Apartheid dodgy deals laid bar

Author and anti-corruption activist Hennie van Vuuren’s latest 610-page book, Apartheid Guns and Money: A Tale of Profits, has blown open the lid on some of the apartheid government’s economic crimes.

Speaking to the Saturday Dispatch this week, Van Vuuren said the work was an exposé which “navigated South Africa’s long historic shadow of state capture”.

Most of the sanctions-busting companies who fed the apartheid regime with weapons are still doing business with the new democratic regime.

He said he had had to endure numerous “security concerns” during the five years it took to research the tome.

That is how long it took him and a team of dedicated researchers to trawl through two-million pages of secret evidence to finally shed light on a covert global network crossing 50 countries which was initially set up to bypass and counter sanctions against apartheid South Africa.

Their task was made difficult by the “huge volumes of documents” which were pulped and shredded in the dying days of apartheid.

In his book, Van Vuuren says the country’s National Intelligence Agency alone destroyed 44 tons of documents that could have shed more light on the apartheid network’s dark deals in guns and money.

“With this, the written record of countless acts of individual culpability were destroyed,” he wrote.

Van Vuuren is a director of Open Secrets, a non-profit organisation working on private sector accountability for economic crime and related human rights violations.

He is a past fellow of the Open Society Foundation for South Africa and director at the Institute for Security Studies. He is also active in the Right2Know campaign.

His latest book, among many other revelations, exposes how the apartheid government blew R501-billion between 1974 and 1994 on weapons and intelligence in a bid to counter the international sanctions imposed upon South Africa.
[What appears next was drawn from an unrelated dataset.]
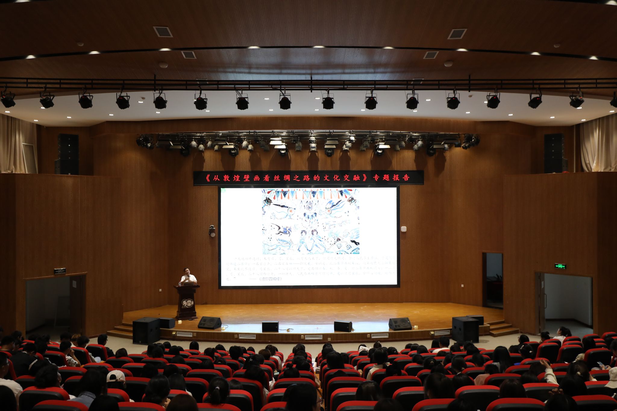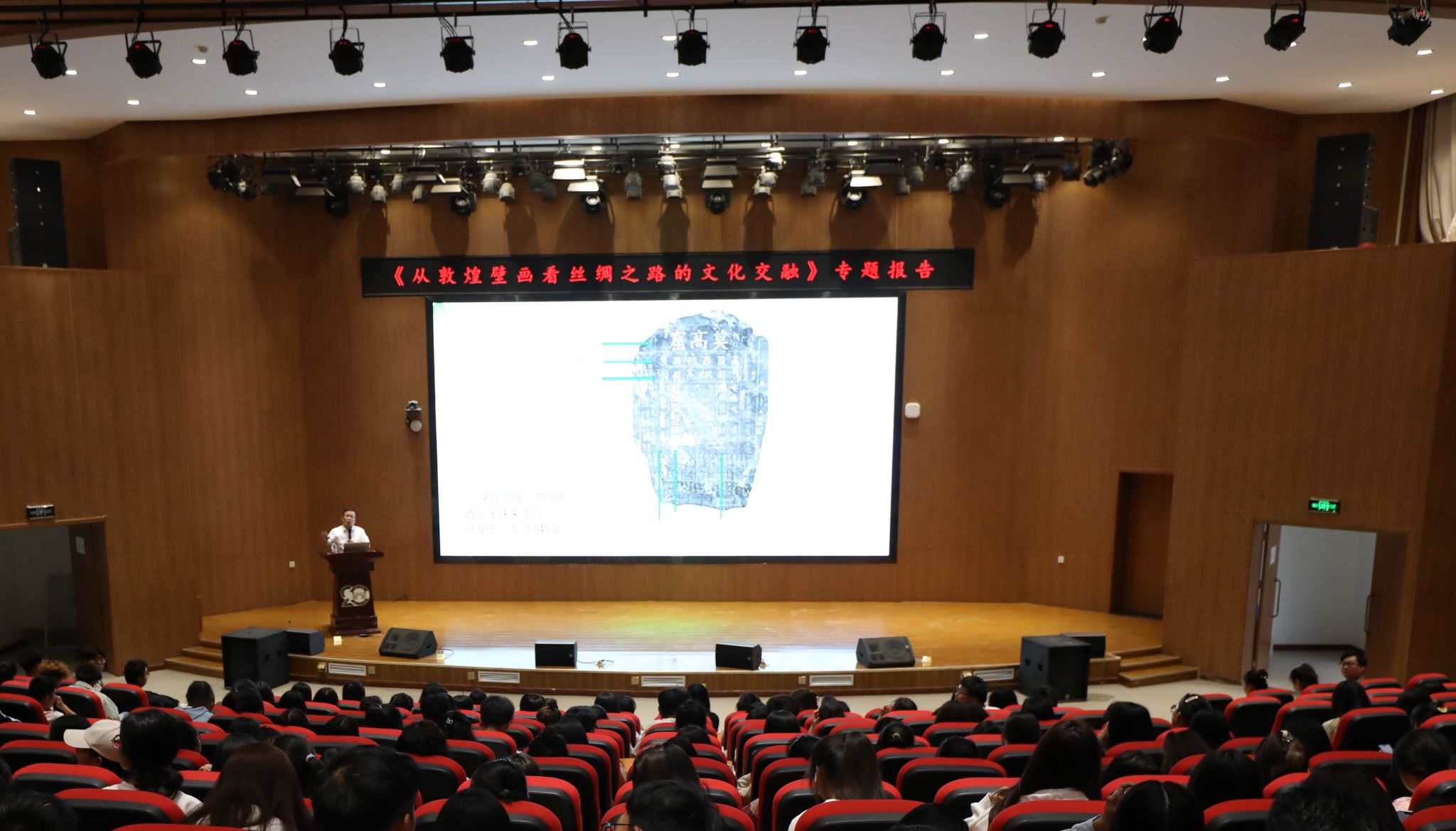 坚守文化自信,建设文化强国。此次讲座,从敦煌文化出发,以小见大,展现了中华民族灿烂多元的文化,加深了同学们对文化建设的规律性认识,坚定文化自信,切实担好文化传承发展新使命,为建设文化强国、建设中华民族现代文明贡献出自己的力量。
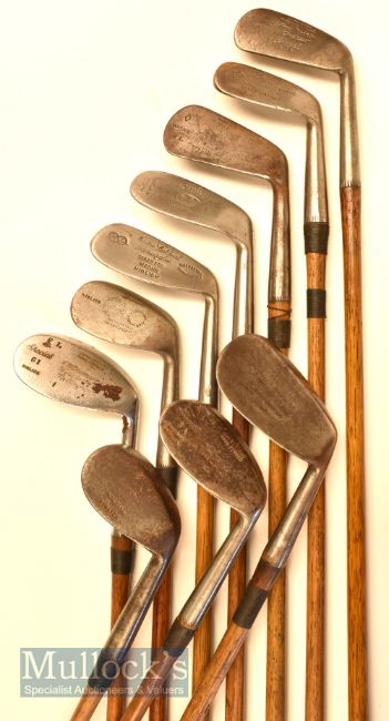 10x Assorted irons to including Decca mashie niblick, Gibson of Kinghorn mashie niblick, wide sole small head niblick with multi punch dot face markings, large head niblick stamped dreadnought by Gibson, Diamond mashie, Gordon Lockhart of Gleneagles stainless mashie niblick and a Tom Walton mashie niblick showing the rampant Lion cleek mark et al – all with grips

Van Vuuren says they discovered that the network spawned to defend apartheid worked like a machine.

Explosive findings in his book include:

l Banks were at the centre of economic malfeasance, and ran at the centre of their business a secret “arms money machine”, which cut across nations and worked to break the arms embargo;

l A trail of money laundering that enabled the old SA Defence Force (SADF) to move secret funds to the value of over R500-billion (current value) on covert defence projects and weapons in violation of apartheid-era sanctions;

l Details of the National Party’s key funders during the revolutionary 1980s; and

l Details of how crimes of the past continue to haunt and cost the South African public today.

The team worked closely with the South African History archives and other civic society partners such as the Lawyers for Human Rights.

“There were many challenges that we encountered during this journey. Many government departments tried to block us from gaining access to crucial information.